* [BRIEF]: What you return should match the listing exactly, minus its images.

* [SUPPLIED DATA]:
★ ★ ★ ★
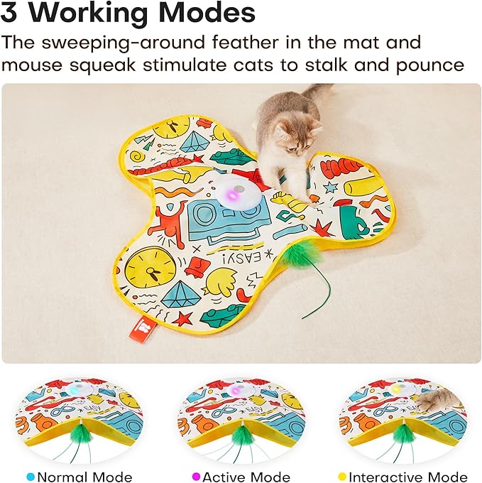 - Smart Motion Sensor & Three Modes – Equipped with intelligent touch activation, this electronic toy allows your cat to self-play by simply touching the toy. Choose from three adjustable modes: normal, active, and interactive, keeping your cat energized and reducing boredom for hours of indoor fun and enrichment.
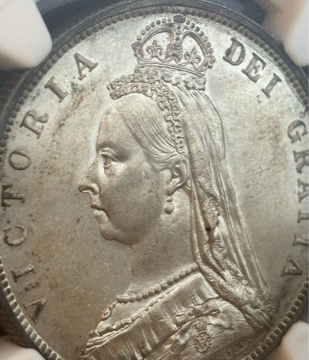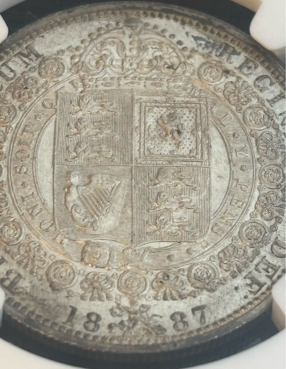 こちらは、1887年に発行されたイギリス・ヴィクトリア女王のハーフクラウン銀貨。
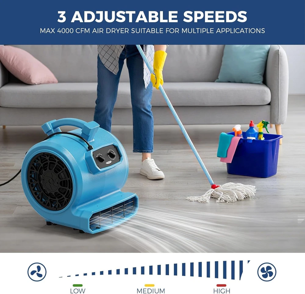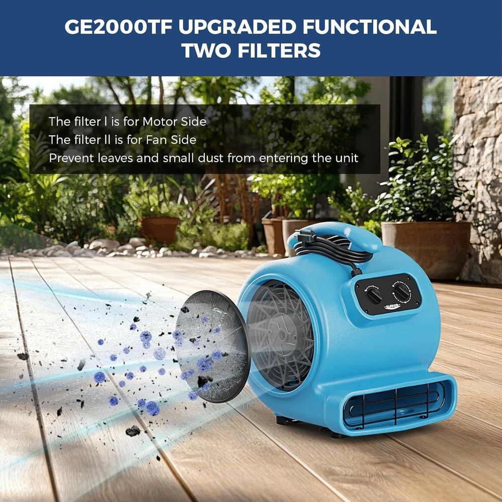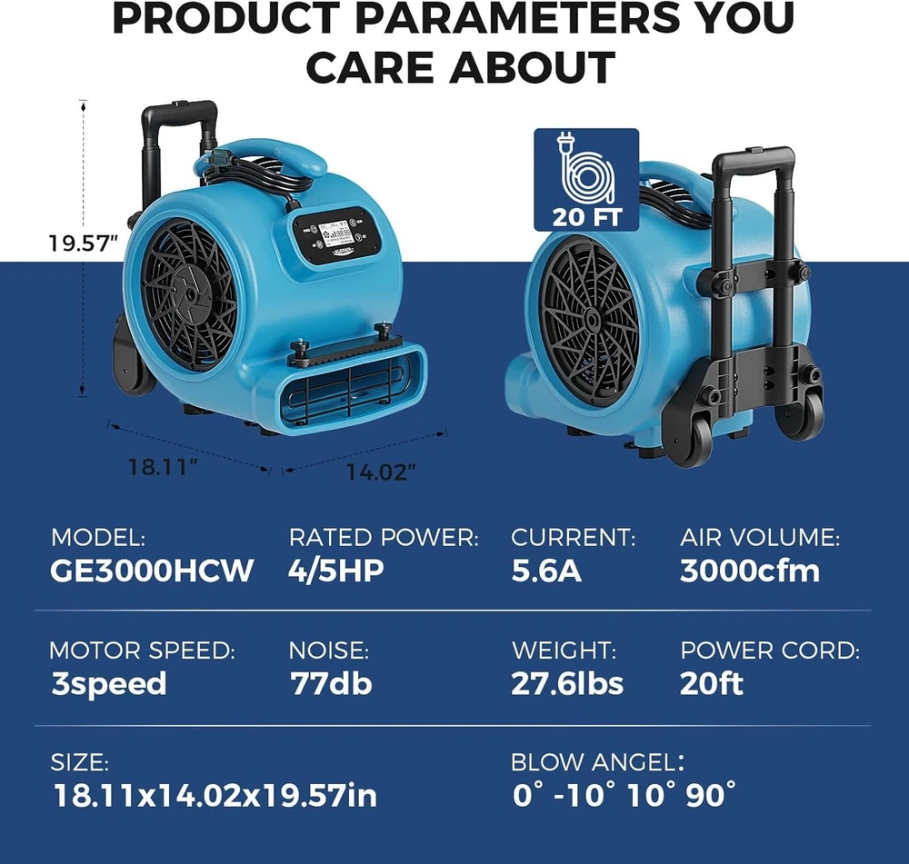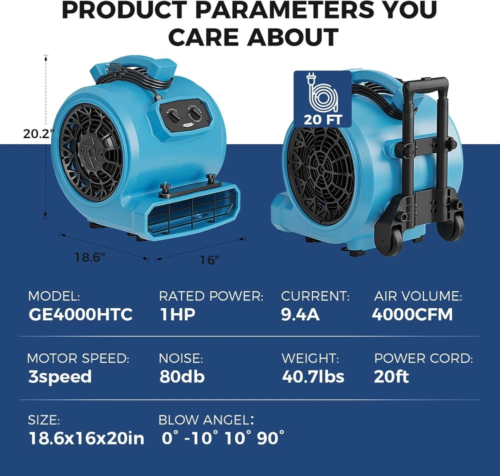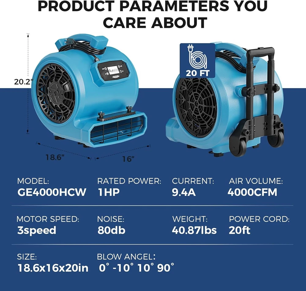 ALORAIR (600-4000 CFM) (1/4 - 1 HP) Air Mover Blower Fan Dryer for Industrial, Janitorial, Home, Commercial, Carpet Floor Drying, Water Damage Restoration and Plumbing - For details, please click on the underlined blue font of the model below to view. Thank you! GF600A-blue ALORAIR GF600A 600 CFM 1/4 HP Mini Air Mover Carpet Dryer Blower Floor Fan-Blue GF600A-yellow ALORAIR GF600A 600CFM 1/4 HP Mini Air Mover Carpet Dryer Blower Floor Fan-Yellow GF600A-red ALORAIR GF600A 600 CFM 1/4 HP Mini Air Mover Carpet Dryer Blower Floor Fan-Red GE1000 ALORAIR GE1000 1000 CFM 1/5 HP Air Mover Carpet Dryer Blower Floor Fan - Blue GE1000A ALORAIR GE1000A 1000 CFM 1/5 HP Air Mover Carpet Dryer Blower Floor Fan - Blue GE1000T ALORAIR GE1000T 1000 CFM 1/5 HP Air Mover Carpet Dryer Blower Floor Fan - Blue GE1000AT ALORAIR GE1000AT 1000 CFM 1/5 HP Air Mover Carpet Dryer Blower Floor Fan - Blue GE2000T ALORAIR GE2000T 2000 CFM 1/3 HP Air Mover Carpet Dryer Blower Floor Fan w/Timer GE2000TF ALORAIR GE2000TF 2000 CFM 1/3 HP Air Mover Carpet Dryer Blower Floor Fan w/Timer GE2000HCW ALORAIR GE2000HCW 2000 CFM 1/3 HP Air Mover Carpet Dryer Blower Floor Fan - Blue GE3000T ALORAIR GE3000T 3000 CFM 4/5 HP Air Mover Carpet Dryer Blower Floor Fan - Blue GE3000TF ALORAIR GE3000TF 3000 CFM 4/5 HP Air Mover Carpet Dryer Blower Floor Fan - Blue GE3000HTC ALORAIR GE3000HTC 3000 CFM 4/5 HP Air Mover Carpet Dryer Blower Floor Fan - Blue GE3000HCW ALORAIR GE3000HCW 3000 CFM 4/5 HP Air Mover Carpet Dryer Blower Floor Fan - Blue GE4000T ALORAIR GE4000T 4000 CFM 1 HP Air Mover Carpet Dryer Blower Floor Fan - Blue GE4000TC ALORAIR GE4000TC 4000 CFM 1 HP Air Mover Carpet Dryer Blower Floor Fan - Blue GE4000HTC ALORAIR GE4000HTC 4000 CFM 1 HP Air Mover Carpet Dryer Blower Floor Fan - Blue GE4000HCW ALORAIR GE4000HCW 4000 CFM 1 HP Air Mover Carpet Dryer Blower Floor Fan - Blue
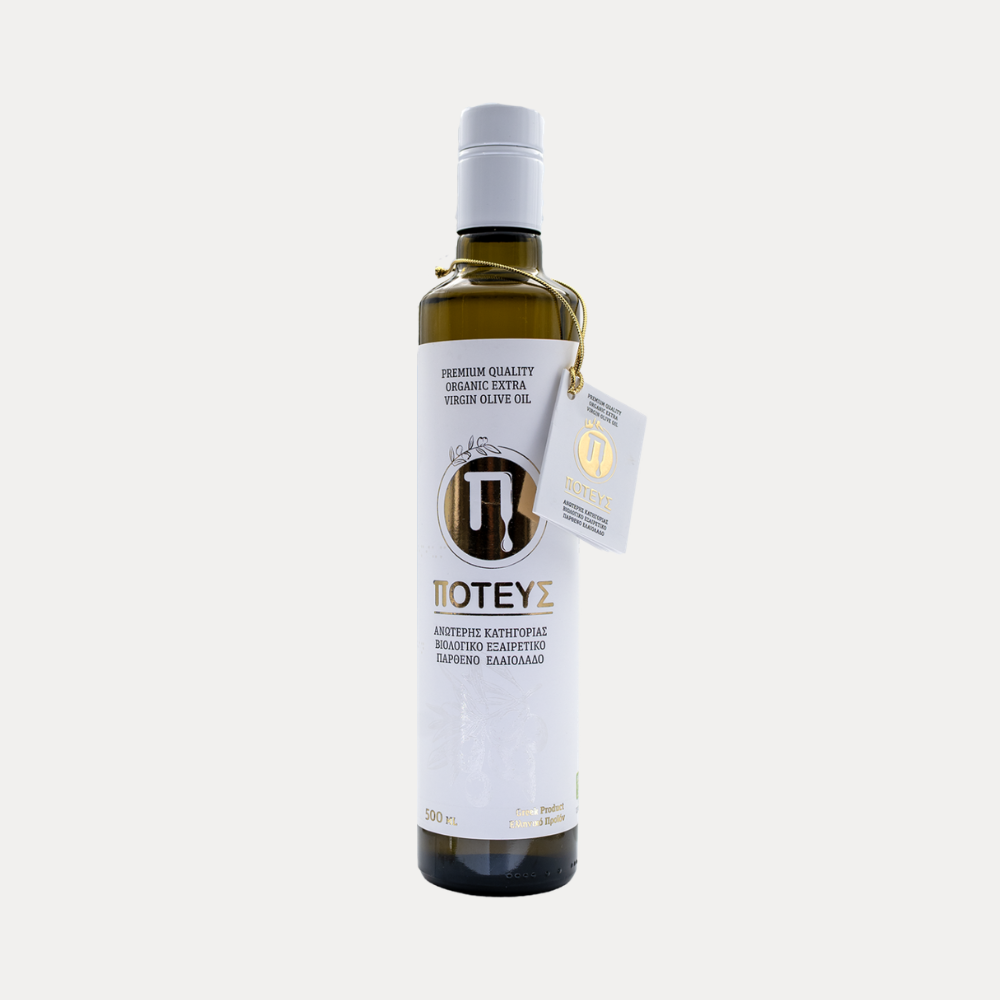 Z organicznych gajów oliwnych, gdzie wspólnie rosną 4 odmiany drzew oliwnych- Petrolia z Serres, Koroneiki, Halkidiki i Megara powstaje najwyższej jakości oliwa extra virgin. Oliwki z tych 4 odmian zbierane są w jednym momencie, kiedy są jeszcze zielone i również tłoczone są jednocześnie, dzięki czemu smaki i aromaty łączą się i mieszają już od samego początku, tworząc harmonijną całość. W rezultacie otrzymywana jest oliwa ze złożonym, wielowarstwowym smakiem, intensywnym, owocowym aromatem, charakterystycznym pikantnym odczuciem i długim, finiszem, który pokazuje jej naturę i autentyczne pochodzenie. Taki smak i aromaty są niemożliwe do osiągnięcia w przypadku mieszanin różnych oliw.
★ ★ ★ ★
* [RESULT]:
 - Smart Motion Sensor & Three Modes – Equipped with intelligent touch activation, this electronic toy allows your cat to self-play by simply touching the toy. Choose from three adjustable modes: normal, active, and interactive, keeping your cat energized and reducing boredom for hours of indoor fun and enrichment.
 こちらは、1887年に発行されたイギリス・ヴィクトリア女王のハーフクラウン銀貨。
 ALORAIR (600-4000 CFM) (1/4 - 1 HP) Air Mover Blower Fan Dryer for Industrial, Janitorial, Home, Commercial, Carpet Floor Drying, Water Damage Restoration and Plumbing - For details, please click on the underlined blue font of the model below to view. Thank you! GF600A-blue ALORAIR GF600A 600 CFM 1/4 HP Mini Air Mover Carpet Dryer Blower Floor Fan-Blue GF600A-yellow ALORAIR GF600A 600CFM 1/4 HP Mini Air Mover Carpet Dryer Blower Floor Fan-Yellow GF600A-red ALORAIR GF600A 600 CFM 1/4 HP Mini Air Mover Carpet Dryer Blower Floor Fan-Red GE1000 ALORAIR GE1000 1000 CFM 1/5 HP Air Mover Carpet Dryer Blower Floor Fan - Blue GE1000A ALORAIR GE1000A 1000 CFM 1/5 HP Air Mover Carpet Dryer Blower Floor Fan - Blue GE1000T ALORAIR GE1000T 1000 CFM 1/5 HP Air Mover Carpet Dryer Blower Floor Fan - Blue GE1000AT ALORAIR GE1000AT 1000 CFM 1/5 HP Air Mover Carpet Dryer Blower Floor Fan - Blue GE2000T ALORAIR GE2000T 2000 CFM 1/3 HP Air Mover Carpet Dryer Blower Floor Fan w/Timer GE2000TF ALORAIR GE2000TF 2000 CFM 1/3 HP Air Mover Carpet Dryer Blower Floor Fan w/Timer GE2000HCW ALORAIR GE2000HCW 2000 CFM 1/3 HP Air Mover Carpet Dryer Blower Floor Fan - Blue GE3000T ALORAIR GE3000T 3000 CFM 4/5 HP Air Mover Carpet Dryer Blower Floor Fan - Blue GE3000TF ALORAIR GE3000TF 3000 CFM 4/5 HP Air Mover Carpet Dryer Blower Floor Fan - Blue GE3000HTC ALORAIR GE3000HTC 3000 CFM 4/5 HP Air Mover Carpet Dryer Blower Floor Fan - Blue GE3000HCW ALORAIR GE3000HCW 3000 CFM 4/5 HP Air Mover Carpet Dryer Blower Floor Fan - Blue GE4000T ALORAIR GE4000T 4000 CFM 1 HP Air Mover Carpet Dryer Blower Floor Fan - Blue GE4000TC ALORAIR GE4000TC 4000 CFM 1 HP Air Mover Carpet Dryer Blower Floor Fan - Blue GE4000HTC ALORAIR GE4000HTC 4000 CFM 1 HP Air Mover Carpet Dryer Blower Floor Fan - Blue GE4000HCW ALORAIR GE4000HCW 4000 CFM 1 HP Air Mover Carpet Dryer Blower Floor Fan - Blue
 Z organicznych gajów oliwnych, gdzie wspólnie rosną 4 odmiany drzew oliwnych- Petrolia z Serres, Koroneiki, Halkidiki i Megara powstaje najwyższej jakości oliwa extra virgin. Oliwki z tych 4 odmian zbierane są w jednym momencie, kiedy są jeszcze zielone i również tłoczone są jednocześnie, dzięki czemu smaki i aromaty łączą się i mieszają już od samego początku, tworząc harmonijną całość. W rezultacie otrzymywana jest oliwa ze złożonym, wielowarstwowym smakiem, intensywnym, owocowym aromatem, charakterystycznym pikantnym odczuciem i długim, finiszem, który pokazuje jej naturę i autentyczne pochodzenie. Taki smak i aromaty są niemożliwe do osiągnięcia w przypadku mieszanin różnych oliw.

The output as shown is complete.